Воздух… Он здесь прозрачный, его можно пить, потому что он ощущается физически, как вода, он наполнен запахами прелой травы, болотного мха, сосен и елей. Запах табака здесь разносится, наверное, на километры, обозначая присутствие человека. Я сижу на поваленном дереве и смотрю на высоту. Болото, небольшой песчаный кряж с кривыми, чахлыми елками, а за ним высотка. Небольшая, километра два в диаметре, поросшая лесом, как нос утопающего в болоте человека, вынырнувшего из трясины, пытаясь схватить ноздрями живительный глоток воздуха.

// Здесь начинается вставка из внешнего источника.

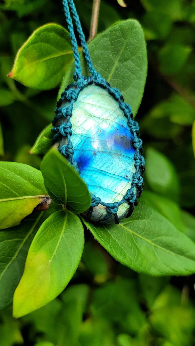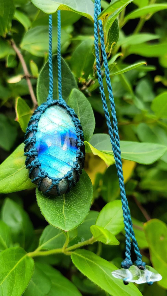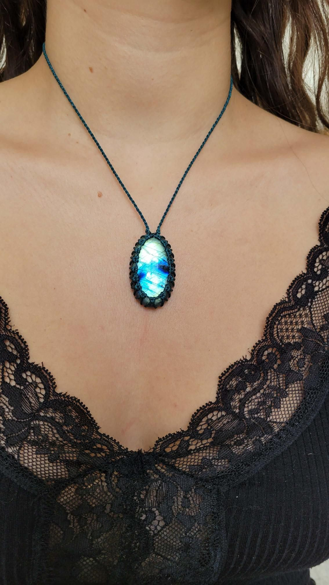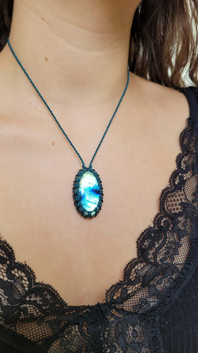 Pendentif Labradorite bleu-vert turquoise macramé vert

Между нами метров двести. Только что я был там. Там, в окопах и воронках, в ходах сообщения, землянках и блиндажах лежат солдаты, и я их видел. В ржавых касках, раскинув руки, они обнимают в последнем рывке землю и, свернувшись калачиком, как в утробе матери, получив очередь в живот, они остались в утробе земли. Я был там, я их видел, их много, очень много.

Глядя на высоту, я вижу, как грибами из траншей торчат их каски. Мне кажется, я вижу, как поднимается дым самокруток над траншеями, они беззвучно говорят и смеются над какими-то своими шутками, как рассыпанными иглами блестят вдоль бруствера штыки винтовок. Встали... рывок... Вот пятеро пулеметчиков выбежали на кряж с левого фланга, раскинули сошки «дегтярей» и кинжальным огнем в упор со ста метров ударили по немецкой траншее на другой, противоположной стороне. Их нашли раньше, несколько лет назад. Пять пулеметчиков на песчаном кряже, разорванные немецкими минами. С правого фланга, блестя иголками штыков, молча, цепью пехота... Рывок… Траншея... Черные пятна... А шинели убитых на склоне солдат похожи на крылья странной неведомой птицы.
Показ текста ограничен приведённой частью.